Directions for this task -
Repeat, word for word, all the data that follows, and exclude the pictures.

Given information -

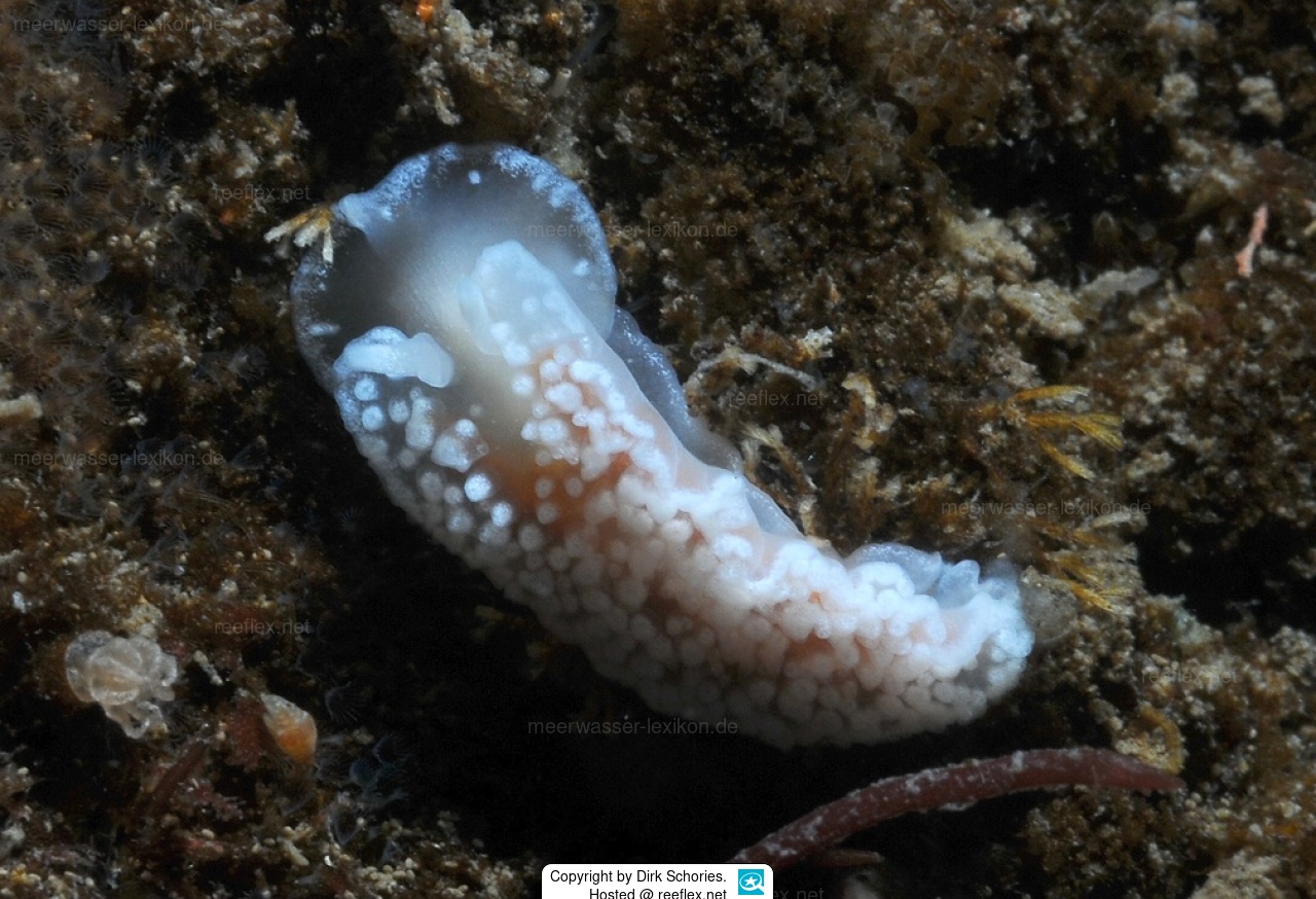 The body of Curnon granulosa is translucent white with branches of the pink digestive gland showing through the skin. The mantle is bordered by an opaque white band and the dorsal surface is covered by pointed tubercles which are tipped with white pigment.Rhinophores are translucent and white tipped.
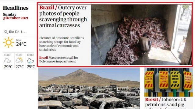 Após a reportagem do EXTRA sobre o garimpo de restos de ossos e carnes rejeitados por supermercados por moradores do Rio ganhar a atenção de internautas, artistas e políticos brasileiros, a capa da última quarta-feira, dia 29 de setembro, teve repercussão internacional. O jornal britânico The Guardian estampou em seu site uma matéria que relaciona a crise da fome aos protestos ocorridos nesse sábado (02), em todo o país, contra o presidente Jair Bolsonaro.
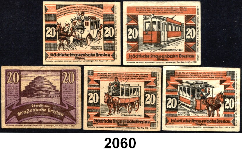 P A P I E R G E L D   -   N O T G E L D,Schlesien Breslau Städtische Straßenbahn.  5x 20 Pfennig o.D.(Juni 1921)-30.6.1922.  G/M 187.3(Jahrhunderthalle), 187.4 (komplett 1875-1921, Reklameaufdrucke 1, 2, 11, 15).  LOT 5 Scheine.

Response -
 The body of Curnon granulosa is translucent white with branches of the pink digestive gland showing through the skin. The mantle is bordered by an opaque white band and the dorsal surface is covered by pointed tubercles which are tipped with white pigment.Rhinophores are translucent and white tipped.
 Após a reportagem do EXTRA sobre o garimpo de restos de ossos e carnes rejeitados por supermercados por moradores do Rio ganhar a atenção de internautas, artistas e políticos brasileiros, a capa da última quarta-feira, dia 29 de setembro, teve repercussão internacional. O jornal britânico The Guardian estampou em seu site uma matéria que relaciona a crise da fome aos protestos ocorridos nesse sábado (02), em todo o país, contra o presidente Jair Bolsonaro.
 P A P I E R G E L D   -   N O T G E L D,Schlesien Breslau Städtische Straßenbahn.  5x 20 Pfennig o.D.(Juni 1921)-30.6.1922.  G/M 187.3(Jahrhunderthalle), 187.4 (komplett 1875-1921, Reklameaufdrucke 1, 2, 11, 15).  LOT 5 Scheine.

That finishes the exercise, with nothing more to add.